*** DATA SHOWN

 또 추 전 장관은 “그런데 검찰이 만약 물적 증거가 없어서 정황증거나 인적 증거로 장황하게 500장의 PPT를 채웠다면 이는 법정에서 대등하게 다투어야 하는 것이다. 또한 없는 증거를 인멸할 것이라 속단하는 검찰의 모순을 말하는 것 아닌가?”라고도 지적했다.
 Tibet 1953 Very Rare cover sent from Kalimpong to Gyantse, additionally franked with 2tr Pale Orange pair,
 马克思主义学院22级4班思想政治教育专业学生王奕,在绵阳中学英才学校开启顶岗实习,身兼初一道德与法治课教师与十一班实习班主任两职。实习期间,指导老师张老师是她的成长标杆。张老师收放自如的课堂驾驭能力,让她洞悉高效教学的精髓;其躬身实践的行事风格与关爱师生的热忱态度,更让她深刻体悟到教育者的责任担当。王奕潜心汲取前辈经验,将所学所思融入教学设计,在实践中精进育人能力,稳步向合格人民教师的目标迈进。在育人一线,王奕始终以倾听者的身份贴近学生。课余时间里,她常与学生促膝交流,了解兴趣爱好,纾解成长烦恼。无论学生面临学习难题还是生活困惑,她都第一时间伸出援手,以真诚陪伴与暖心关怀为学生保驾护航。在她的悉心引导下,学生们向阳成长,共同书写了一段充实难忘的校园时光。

******
*** DATA SHOWN

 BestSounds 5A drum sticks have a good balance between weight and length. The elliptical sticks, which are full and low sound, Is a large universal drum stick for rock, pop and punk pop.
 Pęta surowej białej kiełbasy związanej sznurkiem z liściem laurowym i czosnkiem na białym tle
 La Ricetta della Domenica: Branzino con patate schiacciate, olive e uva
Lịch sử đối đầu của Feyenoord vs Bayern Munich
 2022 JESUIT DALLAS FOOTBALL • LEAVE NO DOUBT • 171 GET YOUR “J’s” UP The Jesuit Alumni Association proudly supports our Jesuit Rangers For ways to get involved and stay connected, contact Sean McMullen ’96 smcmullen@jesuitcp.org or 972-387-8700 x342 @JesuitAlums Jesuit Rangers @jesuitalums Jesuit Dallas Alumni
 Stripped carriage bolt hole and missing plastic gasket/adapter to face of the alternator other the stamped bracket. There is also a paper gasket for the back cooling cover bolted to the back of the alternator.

******
*** DATA SHOWN

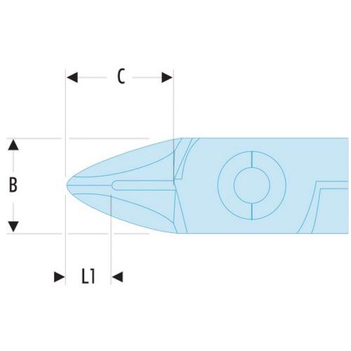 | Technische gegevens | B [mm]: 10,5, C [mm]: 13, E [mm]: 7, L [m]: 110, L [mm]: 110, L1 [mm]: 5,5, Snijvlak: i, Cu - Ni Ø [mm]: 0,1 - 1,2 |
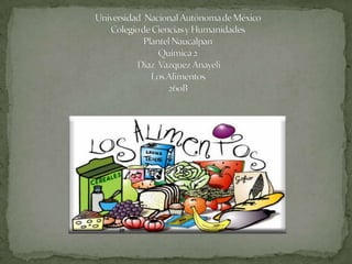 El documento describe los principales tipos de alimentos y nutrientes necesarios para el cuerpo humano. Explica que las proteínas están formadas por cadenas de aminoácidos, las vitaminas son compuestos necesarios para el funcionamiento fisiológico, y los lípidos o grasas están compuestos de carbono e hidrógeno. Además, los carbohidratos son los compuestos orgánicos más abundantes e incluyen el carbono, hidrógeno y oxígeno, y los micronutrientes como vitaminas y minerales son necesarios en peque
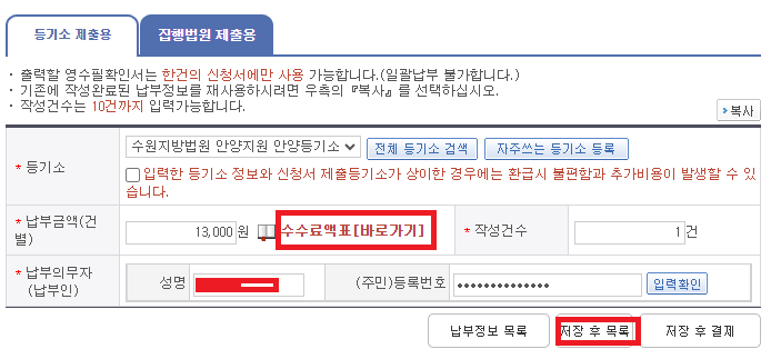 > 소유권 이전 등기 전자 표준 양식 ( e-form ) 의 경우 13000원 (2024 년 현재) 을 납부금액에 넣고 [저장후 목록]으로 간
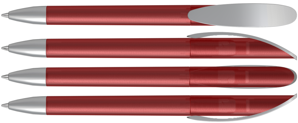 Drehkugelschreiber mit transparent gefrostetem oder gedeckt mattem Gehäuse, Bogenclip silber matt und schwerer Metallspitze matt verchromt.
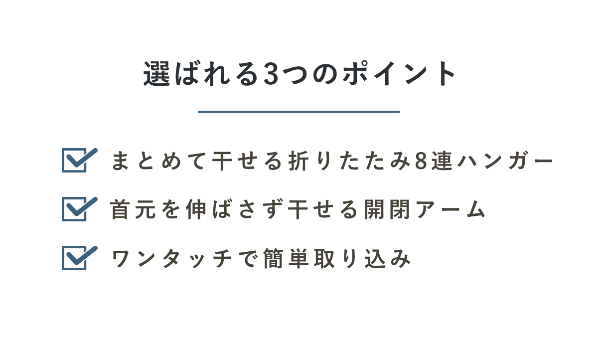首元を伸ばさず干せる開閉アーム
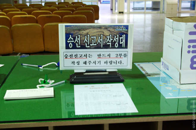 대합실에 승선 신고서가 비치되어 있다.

******

In the listing above, find the line containing "증거가 없어서 정황증거나" and the line containing "Tibet 1953 Very". Output them and every line between, exactly, and nothing else.

 또 추 전 장관은 “그런데 검찰이 만약 물적 증거가 없어서 정황증거나 인적 증거로 장황하게 500장의 PPT를 채웠다면 이는 법정에서 대등하게 다투어야 하는 것이다. 또한 없는 증거를 인멸할 것이라 속단하는 검찰의 모순을 말하는 것 아닌가?”라고도 지적했다.
 Tibet 1953 Very Rare cover sent from Kalimpong to Gyantse, additionally franked with 2tr Pale Orange pair,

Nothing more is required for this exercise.